The bone mineral density surrounding the osteonecrosis lesions showed distinctly higher density in BRONJ cases compared with age-matched controls. In one subject on bisphosphonate treatment in whom two extractions were simultaneously carried out, BRONJ occurred only at the location with extremely high alveolar bone density, but not at the other site with normal density.


This method may be useful in detecting a rise of alveolar BMD frequently occurring near the necrotic lesion in subjects with impending risk for BRONJ.


As an ominous complication of the most effective and popular treatments of osteoporosis, bone metastasis, and bone tumors, bisphosphonate-related osteonecrosis of the jaw (BRONJ) emerged with the first report of 36 cases by Marx in 2003 [1]. BRONJ is typically manifested by spontaneous exposure of the jaw bone with pain and swelling. The delay in the healing of the alveolar bone after dental extraction or other surgical procedure along with gingival swelling and pus discharge characterizes its course. The American Association of Oral and Maxillofacial Surgeons and the American Society for Bone and Mineral Research defined BRONJ with three characteristics: (1) use of bisphosphonate at present or in the past, (2) exposure of the necrotic jaw bone for 8 weeks or longer, and (3) absence of history of radiation therapy on the jaw area [2, 3].

Epidemiological and clinical risk factors such as intravenous injection of a large dose of bisphosphonate, use of potent nitrogen-containing bisphosphonate at higher doses and over longer period, presence of cancer, diabetes mellitus, and other debilitating conditions, and treatment with irradiation or corticosteroid were also pointed out [4-6]. Surgical intervention including dental extraction appears to represent an imminent, almost prerequisite risk [7]. No effective tests predicting the occurrence of BRONJ are yet available. Pronounced fall of CTX, a marker of bone resorption, evidently a bisphosphonate effect, was also reported to occur in some patients with BRONJ [8].

In the process of searching for a readily available screening method for the occurrence of BRONJ, a new radiogrammetric method on the alveolar bone mineral density was developed using aluminum step wedge, pasted on dental film, to characterize alveolar bone under imminent danger for BRONJ [9, 10].

Materials and methods

Selection of the test subjects

Subjects with pathologically established cases of BRONJ after dental extraction were selected for alveolar bone density measurement. All of them had been treated with bisphosphonates and exposed to systemic risk factors for BRONJ such as glucocorticoid treatment or infection. Controls represented all subjects with age difference less than ±2 years from among subjects under care by the authors without history of bisphosphonate treatment, irradiation, or dental surgical treatment, also subjected to alveolar BMD (al-BMD) measurement by Bone Right radiogrammetry.

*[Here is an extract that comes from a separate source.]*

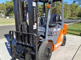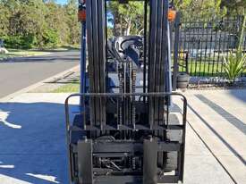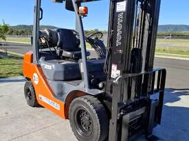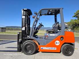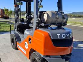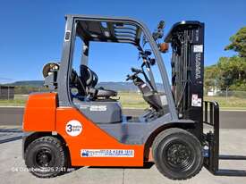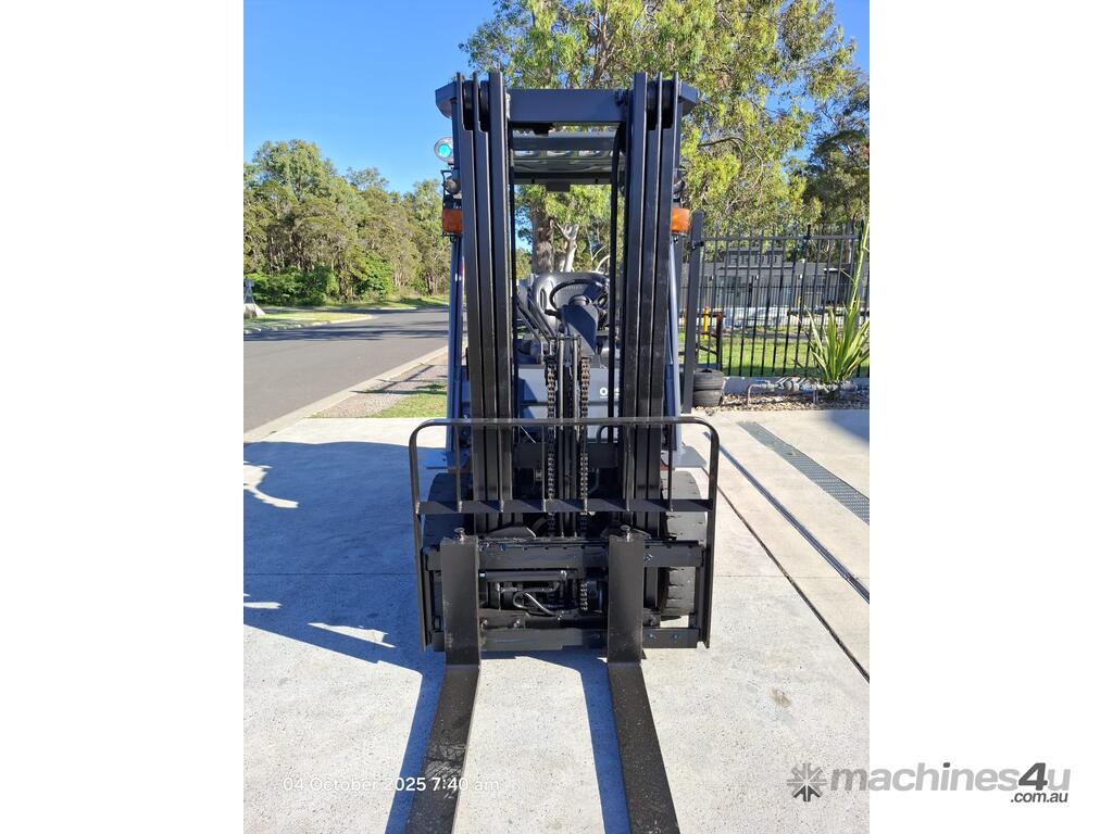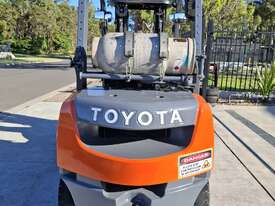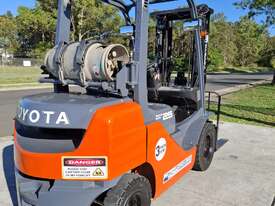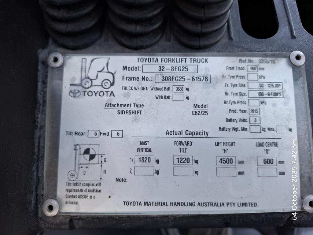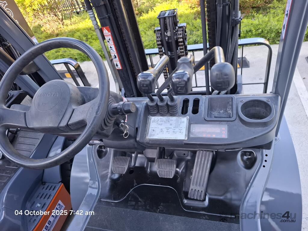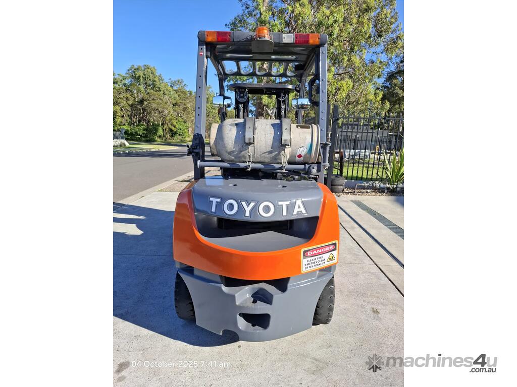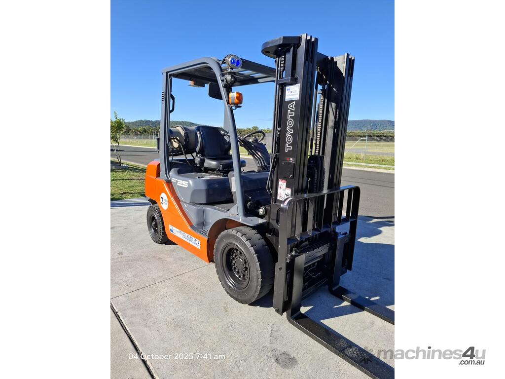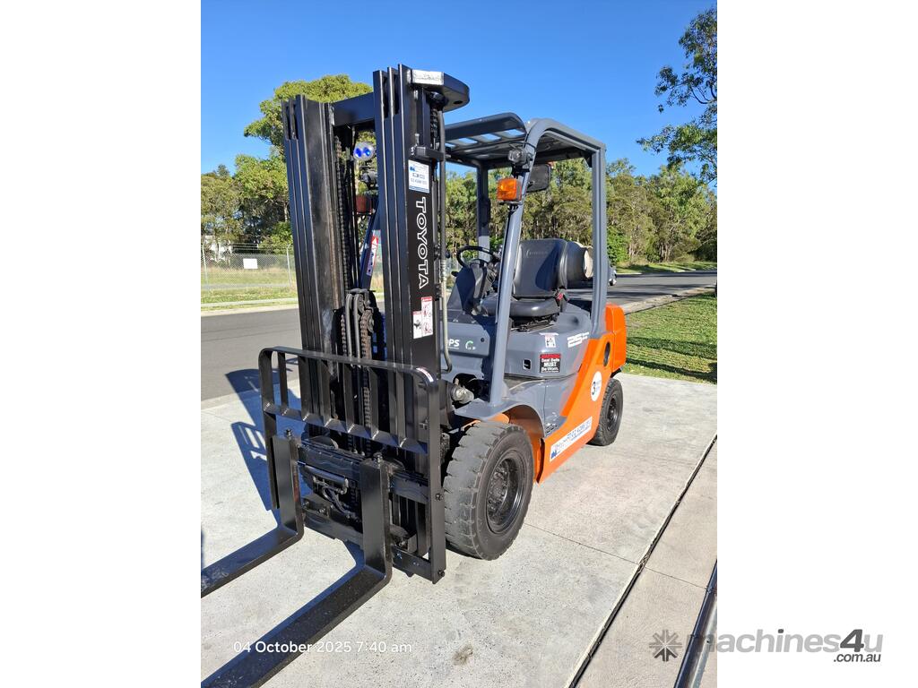 2015 Toyota 8FG25, 2.5 Tonne LPG with a 3-stage container mast with a 4.5 m lift. Fitted with side shift and good solid tyres. Blue proximity lights, also known as blue safety lights or spotlights, are installed on this forklift to warn pedestrians and other forklift operators of the forklift's presence and movement. It is freshly painted.
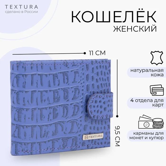 Кошелёк женский на кнопке TEXTURA, цвет сиреневый — Характеристики

Measurement of alveolar bone density

Dental X-ray films were taken and alveolar bone density at the root of the first mandibular premolar measured, as described elsewhere [9], using an originally designed image editing software (No. PCT/jp2004/010815). A line was drawn at the apex of the root, parallel to the boundary of the cement–enamel junction. Another line was drawn halfway between the cement–enamel junction and the apex of the root. Lines were then drawn perpendicular to those lines at the mesial and distal spaces of the first premolar. The X-ray film density in the area of the resulting rectangles was measured by first dividing the area into pixels with sides 1/1,524 cm in length. The brightness in each pixel was then compared with a scale consisting of 256 steps of brightness (Fig. 1).

Fig. 1
figure 1

Geometry of alveolar bone measurement. a Aluminum step wedge for calibration. b Calibration of density between standard aluminum wedge and maximum/minimum density. c Defining the area of interest for the alveolar bone density

In order to align and standardize the brightness and contrast among the X-ray pictures for comparison of the results of measurement among X-ray pictures taken on different occasions, an X-ray picture taken for a normal, healthy person (i.e., a 23-year-old woman having 100% bone mineral density in the example being described) was used as a reference. A histogram hist[x] of a color bar on the reference picture was normalized according to Eq. 1. Then, the normalized histogram hist[x] is substituted in Eqs. 2 and 3 to thereby calculate the brightness mean value, mean, and the standard deviation, SD, which are referred to as the reference mean value, RefMean, and the reference deviation, RefSD, respectively.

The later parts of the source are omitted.